The three gait types were: normal gait during walking (NG); an abnormal pelvic obliquity gait (PO), characterized by trunk lift to the left followed by pelvic hike while the right leg advances; and a right-limb knee hyperextension gait (KH), characterized by a slight forward trunk lean and the right knee advancing. Only the right lower limb was used to produce the abnormal gait patterns. These gait patterns occur at moments that are critical for falls, so they are relevant for fall detection.

The treadmill was set to a constant speed of 0.1 m/s. Participants walked at this speed for one minute per trial. For each participant, each gait pattern was recorded five times, yielding five valid datasets per gait pattern and a total of 15 valid experimental datasets for offline analysis.

Data analysis and feature extraction

The study used the Azure Kinect SDK and the Azure Kinect Body Tracking SDK to track motion within the camera depth field of view. While tracking, 32 joint angle readings were recorded and saved to the computer. Spatial coordinates and skeletal joint nodes for the upper limbs, lower limbs, spine, shoulders, and hips were obtained. The study extracted lower-limb joint data for gait pattern recognition. Joint flexion and extension angles were computed from the lower-limb joint data and used as features for gait recognition.

Participants walked at 0.1 m/s. Because participants completed at least one gait cycle within 3 seconds, a 3-second time window was used to segment the recorded data into datasets. The study produced a total of 2100 feature sets labeled as normal gait, pelvic obliquity gait, or knee hyperextension gait. MATLAB was used for data segmentation.

Machine learning classifiers

Four classifiers were used to classify the gait data: convolutional neural network (CNN), long short-term memory (LSTM) network, support vector machine (SVM), and K-nearest neighbors (KNN).
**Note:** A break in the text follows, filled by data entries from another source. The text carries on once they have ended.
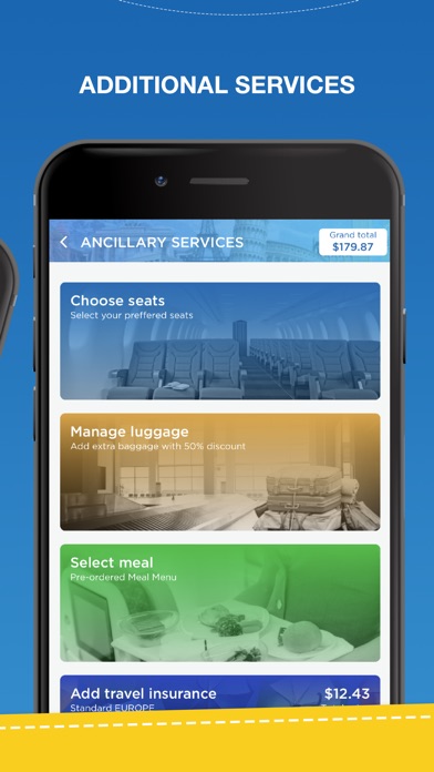 Book flights conveniently to attractive destinations worldwide at the best prices. Order extra services in addition to your booking, make payments using secure methods; check in swiftly, and have constant access to your booking and mobile boarding passes all in just one application.
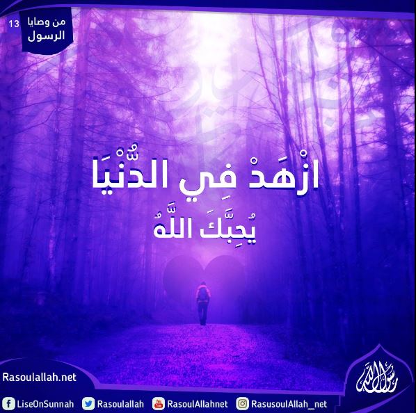 "جَاءَ رَجلٌ إِلّى النَّبِيَّ صَلَّى اللَّهُ عَلَيْهِ وَسَلَّمَ، فَقَالَ يَا رَسُولَ اللَّهِ دُلَّنِي عَلَى عَمَلٍ إِذَا عَمِلْتُهُ أَحَبَّنِي اللَّهُ وَأَحَبَّنِي النَّاسُ فَقَالَ: ازْهَدْ فِي الدُّنْيَا يُحِبَّكَ اللَّهُ، وَازْهَدْ فِيمَا عند النَّاسِ يُحِبَّكَ النَّاس".
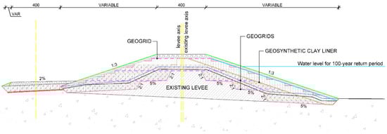 The reconstruction of the levee is made with well graded gravel (GW by USCS classification). Since gravel is highly permeable, GCL membranes are used to make sure the free water surface stays inside the levee body during high water events. Suzuki et al. [67] performed field and laboratory tests with various types of GLC to find their effect on the stability of the embankments. However, since the GCL in this study is located on the riverside of the levee, while the stability of the landside is analysed, their effect is not relevant for this study. Other than that, the body is further strengthened using TENAX TT 045 GS, HDPE uniaxial geogrids. The embankment’s cross section used in calculations is shown in Figure 6. Geogrids are placed on 0.7 and 0.9 m distance from one another to fit the height of the embankment, while the maximum suggested height for reinforced slopes as per [31] is 1 m due to local face stability. This way, local face instabilities are partly mitigated. Instabilities on the landside may also be initiated by surface erosion during overflow. The resistance against such action can be increased by placing a reinforcing layer of standard geosynthetics or other specific products [68] such as biopolymers [69,70] over the slope, but in this case, there is no such additional protection. The same applies for the riverside slope where surface erosion might be caused by the flow of the river and during the rapid decrease of water level in the river (RDD).
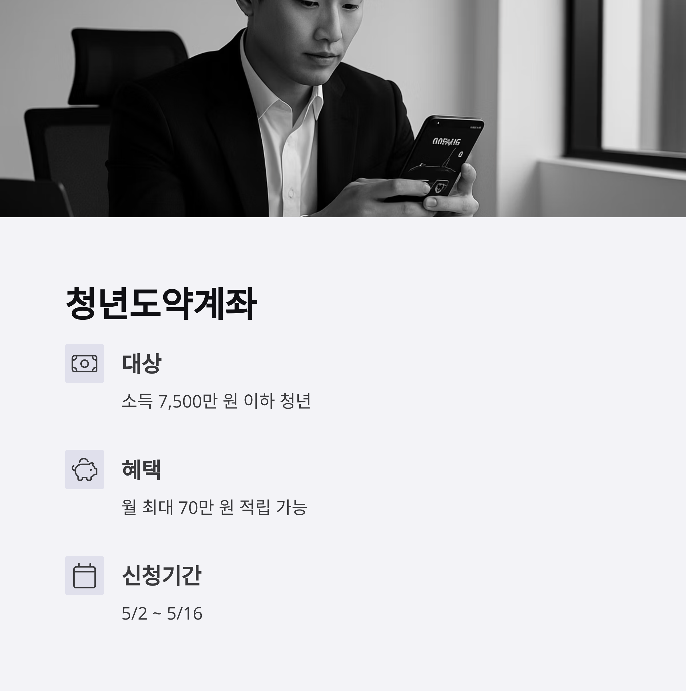| 청년도약계좌 | 소득 7,500만 원 이하 청년 | 월 최대 70만 원 적립 | 5/2 ~ 5/16 |

  • CNN: The CNN used two two-dimensional convolutional layers.
  • SVM: An SVM model was applied as one of the classifiers, with Bayesian optimization used to tune the model. SVM uses differences in the data and high-dimensional features to assign labels based on their positions in feature space.
  • KNN: An automatically optimized KNN model was used, with Bayesian optimization and the Euclidean distance metric for distance measurement.
  • LSTM: A bidirectional LSTM (Bi-LSTM) network was used for classification. The model consisted of two Bi-LSTM layers and one fully connected layer. Bi-LSTM layers process both forward and backward input information.

Results and conclusion

The study applied CNN, SVM, KNN, and LSTM classifiers to automatically classify three gait patterns. A total of 750 data samples were collected, and the dataset was split with 80% used for training and 20% for evaluation. Results showed that SVM and KNN achieved higher accuracy than CNN and LSTM. SVM achieved the highest accuracy at 94.9 ± 3.36%, followed by KNN at 94.0 ± 4.22%. CNN accuracy was 87.6 ± 7.50%, and LSTM accuracy was 83.6 ± 5.35%.

The study demonstrates that machine learning techniques can be applied to design gait biometric systems and machine vision for gait pattern recognition. This approach has potential for remote assessment of older patients and to support clinical decision-making on management, follow-up, and treatment.